## Requirement
Return, with both end lines included, exactly what the data below holds from the line with "Pratik Industries is" through the line with "Aksident në aksin", though not the pictures.

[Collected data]
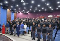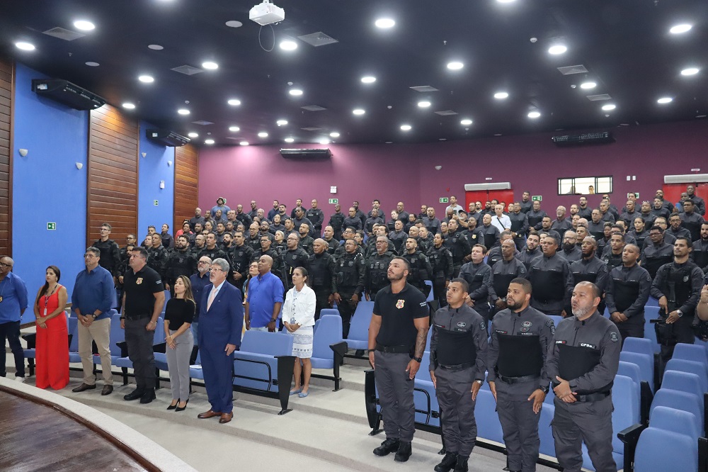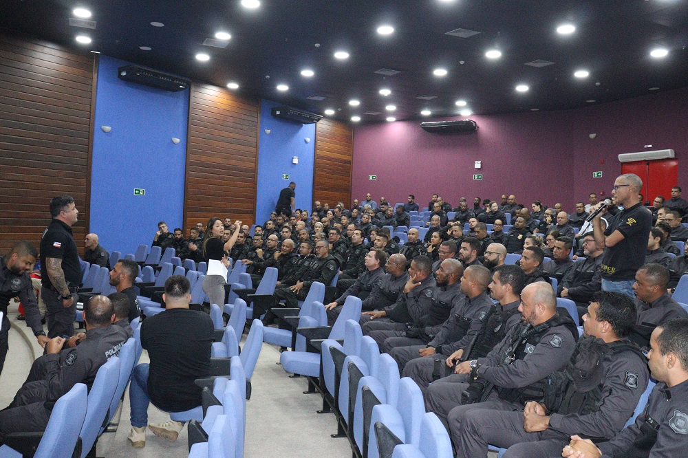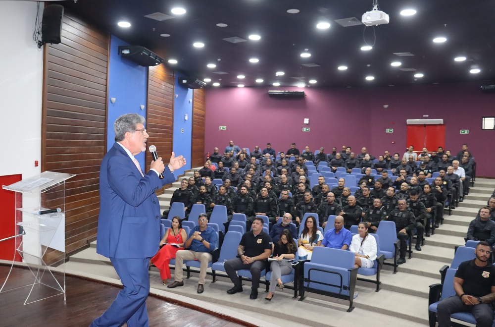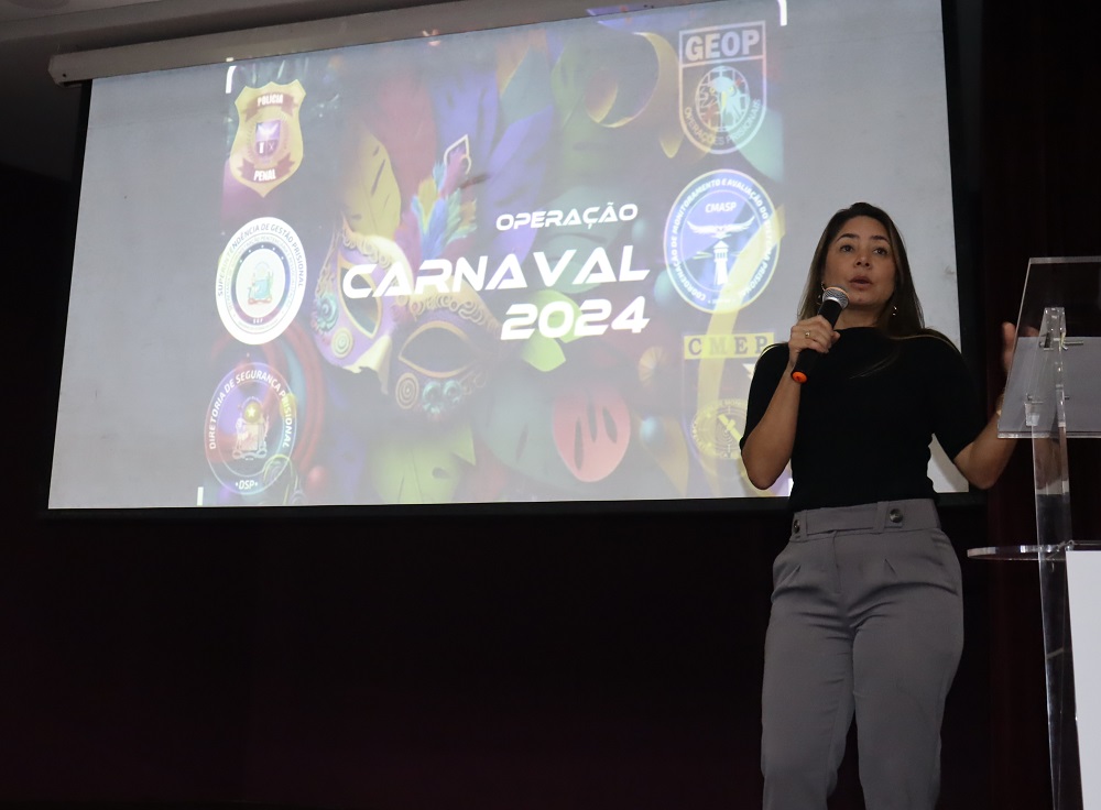 As festas populares de Salvador vão ganhar um reforço a mais, esse ano, nas ruas. A Polícia Penal estará presente nos circuitos da folia, atuando na escolta e custódia de presos em flagrante e no cumprimento de mandados de prisão com uso da tecnologia de reconhecimento facial. Essas ações serão em parceria com Secretaria de Segurança Pública (SSP). É a primeira vez que a Polícia Penal vai participar efetivamente da operação do carnaval de rua. No Complexo da Mata Escura, haverá um incremento no efetivo de policiais para o reforço das ações que já estão em curso. As rondas perimetrais vão ser intensificadas com a chegada do interior das equipes e viaturas do Grupo Especializado em Operações Penitenciárias (GEOP). O objetivo é coibir fugas e arremessos, já que este é considerado um período sensível nas Unidades Prisionais. Além disso, esse aumento do efetivo vai possibilitar a realização diária de operações de revista nas Unidades do Complexo, durante os dias de folia. Na Central de Monitoração Eletrônica de Pessoas (CEMEP), o monitoramento dos custodiados também vai ser intensificado, a fim de garantir que as determinações judiciais sejam cumpridas, e em caso de descumprimento, imediatamente os órgãos competentes vão ser acionados. Em reunião realizada no auditório da sede da SEAP, com a presença de parte do efetivo, nesta terça-feira (30), foram divulgados os detalhes de como será a atuação da Polícia Penal nas ruas e nas Unidades Prisionais do Estado. Entre os presentes, o Secretário da Administração Penitenciária e Ressocialização, José Antônio Maia e o Superintendente de Gestão Prisional, Luciano Teixeira Viana.
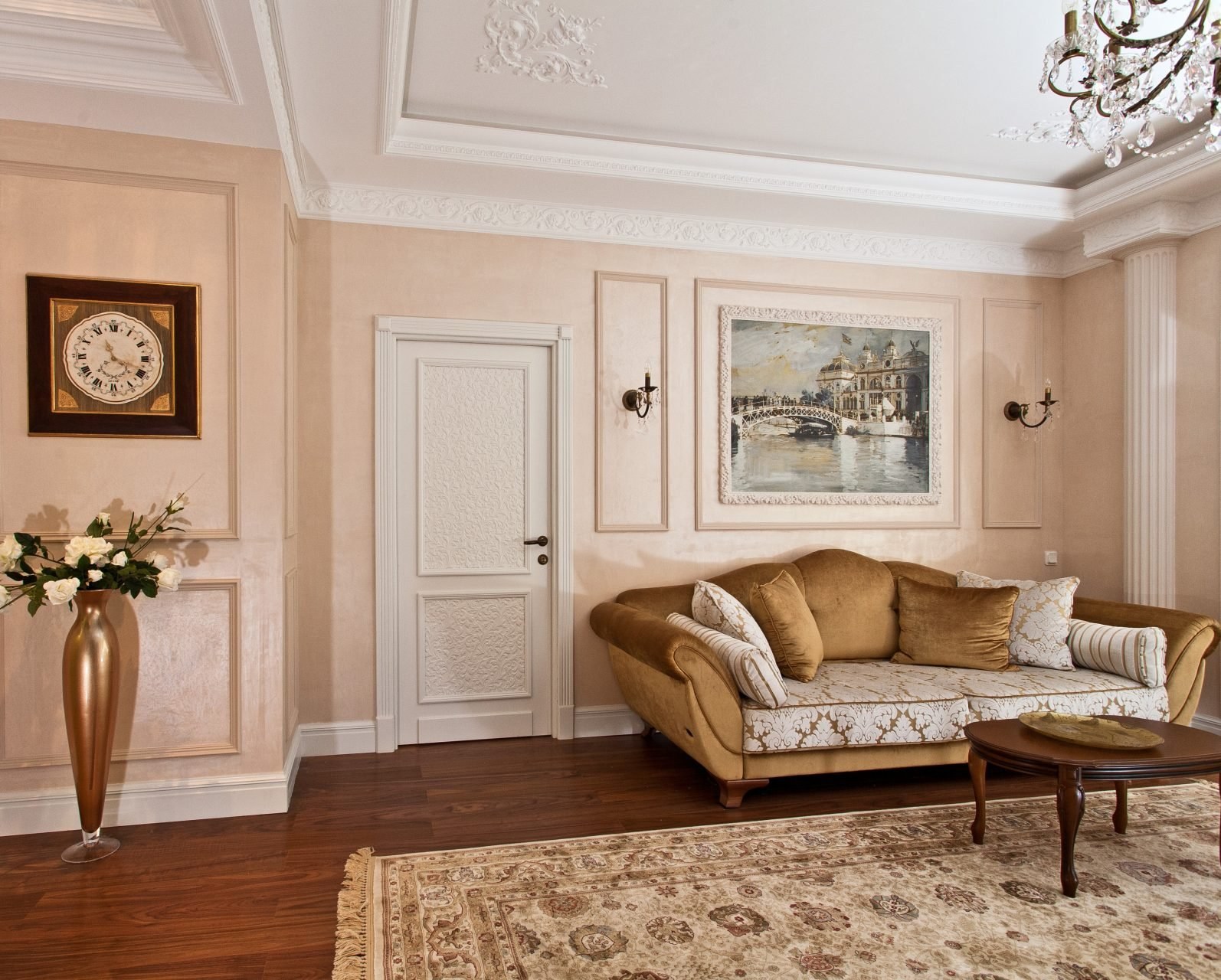 Молдинги в интерьере гостиной
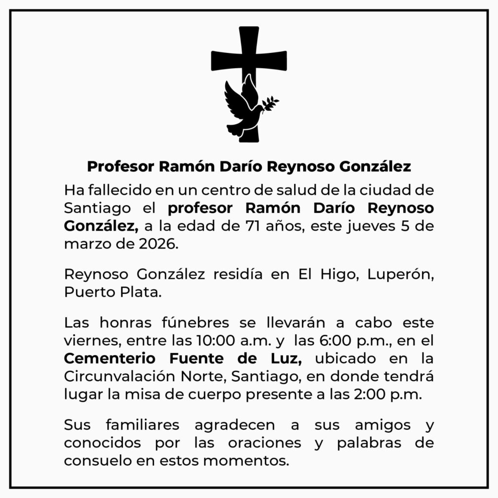 Reynoso González, de 71 años de edad, residía en El Higo, Luperón, Puerto Plata. Sus honras fúnebres se llevarán a cabo entre las 10:00 de la mañana y las 6:00 de la tarde de este viernes, 6 de marzo de 2026, en el Cementerio Fuente de Luz, ubicado en la Circunvalación Norte, Santiago.
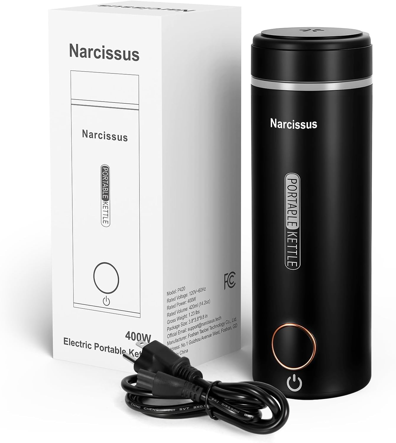 This is a thoughtfully engineered compact appliance that delivers rapid boiling, precise temperature control, and user-friendly safety features. Designed specifically for travelers, students, and solo users, this kettle’s 14.2 oz (420ml) capacity and 400-watt power pack a powerful punch for a small package. Here is a detailed breakdown of its features, usability, and performance.Design and Build QualityThe Narcissus P420 boasts a lightweight, sleek stainless steel interior that ensures water remains free of metallic taste or odors. The exterior is crafted from durable BPA-free plastic, finished in a matte texture for grip and heat resistance. Its compact footprint—roughly 7 inches tall and 4 inches wide—enables easy packing into suitcases, backpacks, or even larger handbags. The detachable 39.3-inch power cord coils neatly for space-efficient storage, with a long length to reach poorly located power outlets common during travel or in cramped hotel rooms.The non-slip rubber feet on the base stabilize the kettle on uneven surfaces, which can be critical when boiling in transit scenarios like buses, trains, or RVs. The lid features a secure locking mechanism with steam vents to safely release pressure while preventing spills. Wide opening ensures easy filling and cleaning.Heating Power and Temperature OptionsEquipped with a robust 400-watt heating element, the P420 rapidly brings its 420ml capacity to temperature in approximately 2 to 3 minutes—significantly faster than microwave heating or most hotel coffee makers.The highlight of this model is the digital one-touch control panel featuring five preset temperature options tailored to different beverages and needs:115°F (45°C): Ideal for warming baby formula or milk without scorching140°F (60°C): Best for delicate herbal teas where lower temperatures preserve subtle flavors175°F (80°C): Perfect for green and white teas that can become bitter if overheated195°F (90°C): Optimal for brewing oolong teas, pour-over coffee, and other aromatic brews212°F (100°C): Full rolling boil suitable for black tea, instant cups, soups, or sterilizing waterWater is heated precisely to the selected temperature, and the device automatically shuts off upon reaching it, preserving energy and preventing accidental overheating. This feature provides a notable upgrade over single-temperature kettles or basic travel mugs with heating functions, ensuring beverage quality and safety.Safety Features and Ease of UseBeyond rapid boiling, the P420 incorporates several safety safeguards. Boil-dry protection prevents the unit from operating without water, avoiding damage and fire risk. The exterior remains cool to the touch during and after operation—a feature that significantly reduces burn risk, especially in confined spaces.The lid locks securely with a button release, allowing steam to vent safely while minimizing accidental openings or spills. The wide opening also simplifies adding water, tea leaves, or instant ingredients directly without spillage. After use, it cools quickly for easy packing without waiting extended periods.Practical Applications and User ExperienceThe kettle’s capacity is perfectly tuned for single or dual servings, making it ideal for business travelers, students, campers, or anyone needing hot water quickly without sacrificing quality. Users report consistently faster boiling times and better temperature control compared to hotel room kettles or microwave heating, resulting in improved flavor extraction for teas and coffees.Cleaning is effortless; the stainless interior resists staining and odors, and rinsing after each use prevents buildup. Descaling with vinegar solution every few weeks keeps the heating element efficient, especially in areas with hard water. The power cord’s length flexibly accommodates awkward outlet locations, and the compact design fits both small countertops and travel bags with ease.Limitations and ConsiderationsWhile travel-friendly, the modest 14.2 oz capacity may require multiple boils if serving multiple people. The kettle does not feature a keep-warm function, so water cools relatively quickly unless insulated post-boil. Voltage compatibility is designed for 120V systems, so international travelers should verify adapter requirements or voltage compatibility before use.Final VerdictThe Narcissus P420 Travel Electric Kettle strikes an excellent balance of portability, performance, and precision temperature control usually reserved for larger, stationary kettles. Its fast boil times, five targeted temperature presets, and robust safety features make it a standout choice for travelers and small-scale users who demand both convenience and culinary quality.For those prioritizing travel-friendly design and control over their hot beverages, this kettle offers an unbeatable combination of rapid heating, safety, and precision in an ultra-compact form.
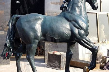 This large size bronze horse statue is recognized as the most beautiful in the world. The graceful neck, high raised tail, and small face represent the grace of the horse. This statue captures the exquisite features of bronze carving with superb artistic skills.
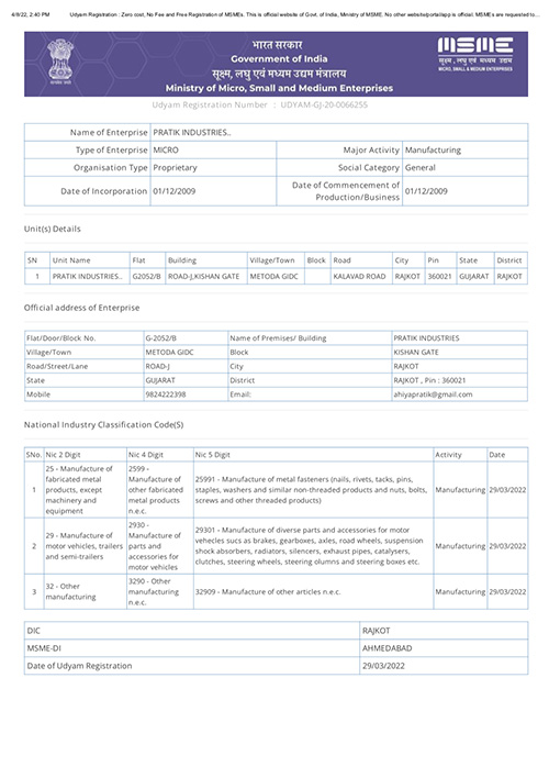 Pratik Industries is moving forward with the vision to become a world-class manufacturer of automobile parts and now exploring opportunities to export across the globe in leading ENGINEERING PARTS.
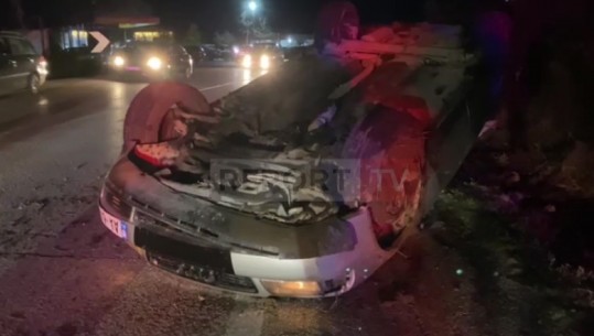 Aksident në aksin Elbasan-Papërr, makina përmbyset në rrugë, shpëton për mrekulli shoferi
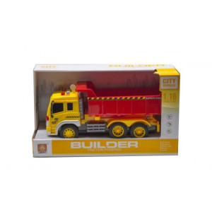 Детская игрушечная машинка-грузовик из серии 'City Service' станет хорошим подарком для мальчика, который увлекается строительной тематикой. Машинка имеет четыре кнопки на кабине машины, которые воспроизводит звуки: заднего хода, работы техники, гудка, запуска двигателя, также присутствую световые эффекты. Кузов машины поднимается. Ездит авто за счет инерции.
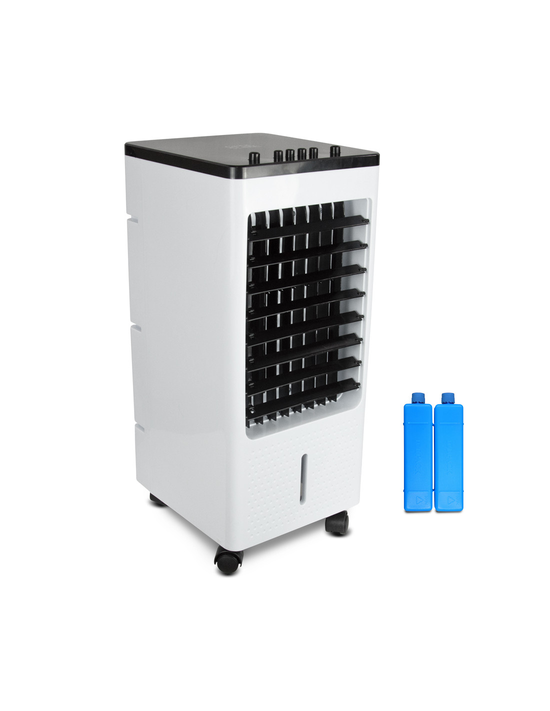 - Couleur: blanc et noir - Puissance: 75 W - Réservoir d'eau: 4 L - Oscillation horizontale automatique - 3 vitesses - Équipé de roues pour un déplacement aisé - Permet de rafraichir et d'humidifier l'air - Témoin de remplissage de la cuve - Dimensions: 280 x 235 x 535 mm - Livré avec 2 poches à glaçons - Poids net : 3.4kg - Garantie : 2 ans
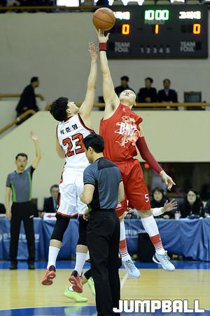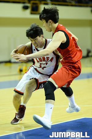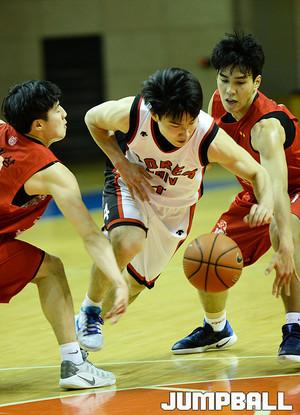 [점프볼=천안/유용우 기자] 23일 단국대 천안캠퍼스 체육관에서 열린 '2017 남녀대학농구리그' 단국대와 고려대의 경기, 고려대 박준영이 돌파를 하고 있다.
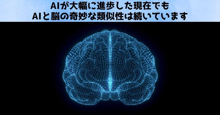 また興味深いことに、AIが進化しても脳機能との類似性は存在し続けている点があげられます。
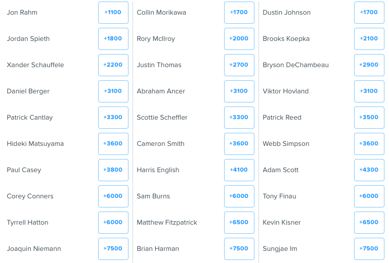 % Chance to Win: 1. Jon Rahm (10.5%), 2. Jordan Spieth (4.5%), 3. Collin Morikawa (4.3%)
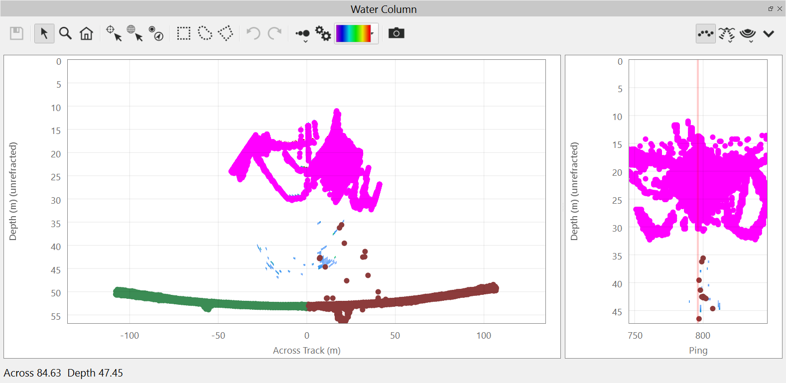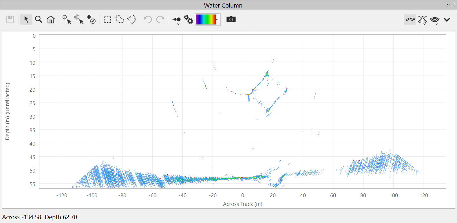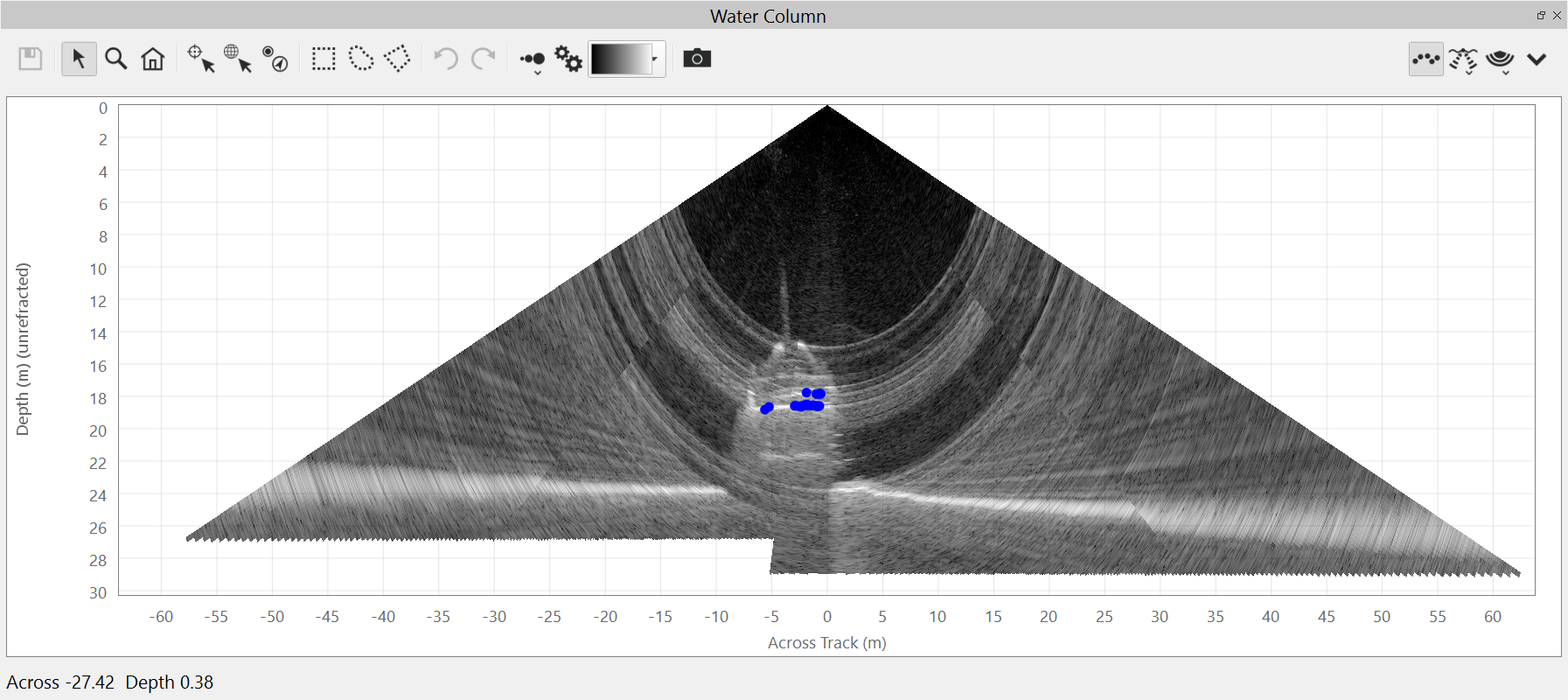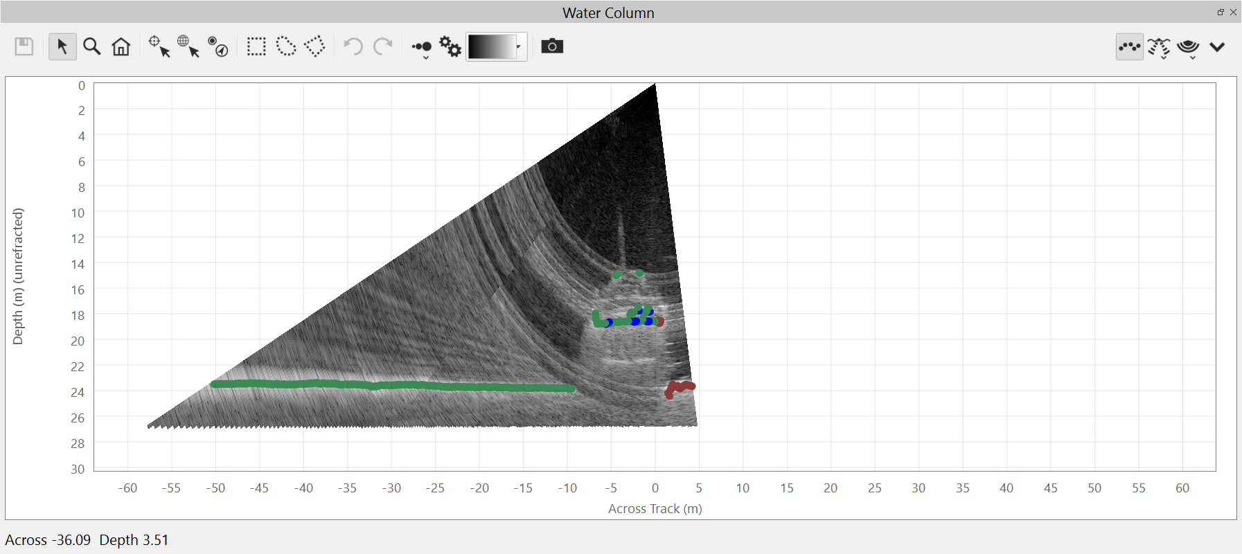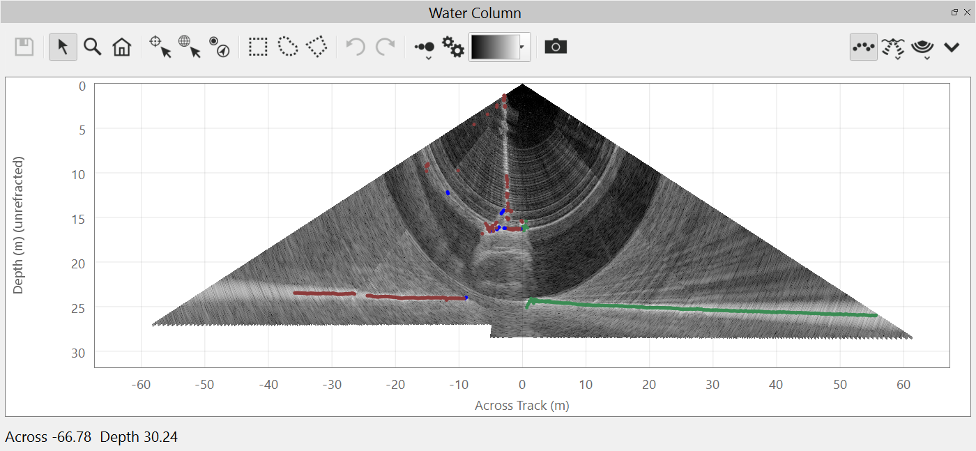 The water column view can also show the sonar computed soundings as points on the plot. The soundings views are controlled by the menu.

## Task output
 Pratik Industries is moving forward with the vision to become a world-class manufacturer of automobile parts and now exploring opportunities to export across the globe in leading ENGINEERING PARTS.
 Aksident në aksin Elbasan-Papërr, makina përmbyset në rrugë, shpëton për mrekulli shoferi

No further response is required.